CHAPTER 47

310 24 1
                                    

Kinara terduduk disisi ranjang menghadap ke luar jendela, ia sempat mengunci pintu kamar dan mematikan lampu, lalu mendarat tepat di samping pot tanaman hiasnya yang sudah mulai menguning.

Setiap hembusan nafasnya mengharapkan kekosongan yang sempat beradu mata menjadi sebuah kebohongan pasti. Panggilan di ponsel ia biarkan menggema di sudut-sudut ruang kamarnya. Tidak ingin tahu siapa yang berusaha terhubung di balik layar, ia hanya butuh waktu untuk sendiri.

Matanya mencari, bukan kepada ponsel yang sedang bergetar. Namun lebih ingin mengetahui, apakah benar ini adalah Kinara yang dulu. Pantulan raganya di cermin menunjukkan bahwa dia baik-baik saja, tapi dari dalam ia tidak bisa menyangka dirinya bukan lagi jadi Kinara. Ada yang lain disana.

"Harus ya Kara kayak gini terus? Kenapa sedihnya lama banget? " ia meraih kalender yang entah sudah keberapa kali tak lupa ia beri tanda.

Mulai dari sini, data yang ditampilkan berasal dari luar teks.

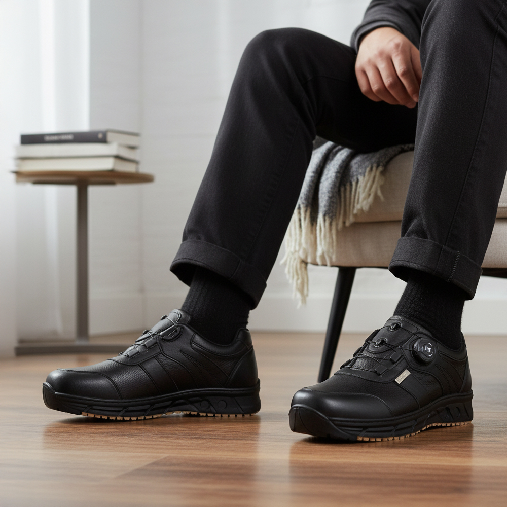We use only our patented mogul-pattern natural rubber outsole for superior slip resistance.

Tanggal demi tanggal yang ia beri tanda merah hampir memenuhi bulan April, bulan kesedihannya sekaligus hari istimewa yang menjadi kebalikan. Dan tepat bulan depan, itu adalah bulan istimewa untuk papi dan juga Benaya yang sudah hilang. Dan nanti atau jika tidak bisa ia berharap bisa bahagia meski akhirnya akan kembali seperti ini lagi.

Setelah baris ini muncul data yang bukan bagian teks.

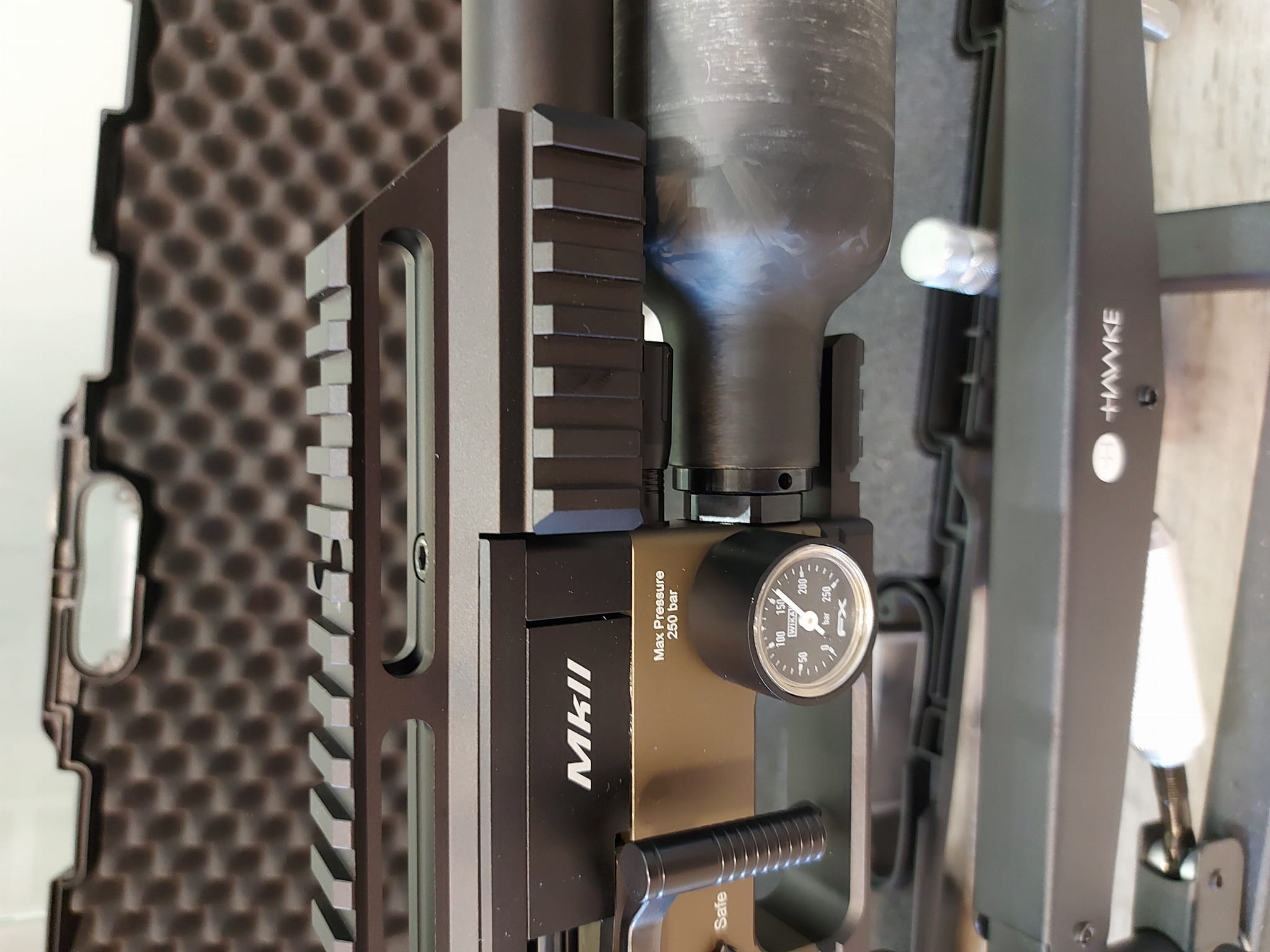 Karbonowy kartusz mieści niewiarygodne 480 cm3 sprężonego powietrza. W zakresie od 250 do 125 bar można oddać 100 równych strzałów. Śruba regulacyjna regulatora znajduje się w obrębie kabłąka.

"Hidup memang gak adil, maunya Kara terus yang sedih. Senyum ini bahkan udah gak berfungsi lagi. Senyum Kara kehilangan letaknya. Kamu hilang kemana senyum? Kembali! Bantu Kara memeriahkan bulan ini. "

Satu hari memang bukan waktu yang lama, tapi ini berbeda, Kinara tidak salah menyalahkan semesta, semesta tidak mau berpihak kepadanya. Benaya harus ada disini, harus menemaninya, harus menjaganya meski kedengarannya egois. Benaya tidak kembali seolah apa yang di putuskan oleh Kinara waktu itu benar-benar melukainya.

Ya, meskipun penyesalan baru saja datang, tapi Kinara tidak begitu menyesali kata demi kata yang ia lontarkan kala itu. Pelajaran perlu diberikan kepada seorang Benaya karena sudah kelewatan menghadapi manusia bernama Barra, tapi tidak seperti ini juga balasannya. Seolah semua kesalahan di lemparkan kepada Kinara dan tanpa sadar Benaya lah yang menciptakan sebuah masalah itu bisa terjadi.

Meski dulu pernah menjadi orang paling menyebalkan dan sekarang sudah tidak lagi, dia tetap dia, Benaya masih menjadi kekasih di dalam kotak hatinya, kalau tidak ada dia, ya, sudah hancur semestanya.

Menjual rumah yang entah sudah di rencanakan berapa lama, dan tidak tahu siapa pembelinya. Kinara berharap siapapun yang mengisi nanti, dia ingin sosoknya sama seperti dengan Benaya.

"Kara capek nangis terus, nangis untuk orang yang lagi pergi, nangis untuk orang yang ninggalin Kara sendirian. Habis pabrik tisu kalau begini caranya. " ia mengusap pipinya dengan kasar.

Setelah menemukan surat yang di cari tadi, yang tiba-tiba ada di atas meja belajar, terlipat dengan rapi, kini surat itu terlihat lebih berani untuk di baca.

Tangannya mulai tergerak untuk membuka dan menutup surat, meski tanpa niat dan berani. Andai saat ini ia tidak dalam kondisi sedih, mungkin surat itu tidak akan takut untuk di baca. Bisa saja surat itu tidak hanya berani ia genggam dengan segala sesal, terpaksa dan penasaran. Kinara tidak seberani itu untuk tahu kelanjutan ceritanya.

Seperti ada malaikat dan iblis yang saling mengiriminya keyakinan, kepalanya berdenyut dengan hebat, sakit sekali, hingga dia terpaksa memukul-mukulinya. Kinara di hadapkan oleh satu pilihan, pilihan yang harus pahit agar dapat mewakili hatinya hari ini, besok, lusa atau bisa jadi selamanya.

"Bacalah, petunjuknya ada di balik sana. Kalau tidak di baca, mau tau jawabannya dari mana?"

"Sudah jelas Benaya memang maunya pergi. Dia gak mau sama kamu."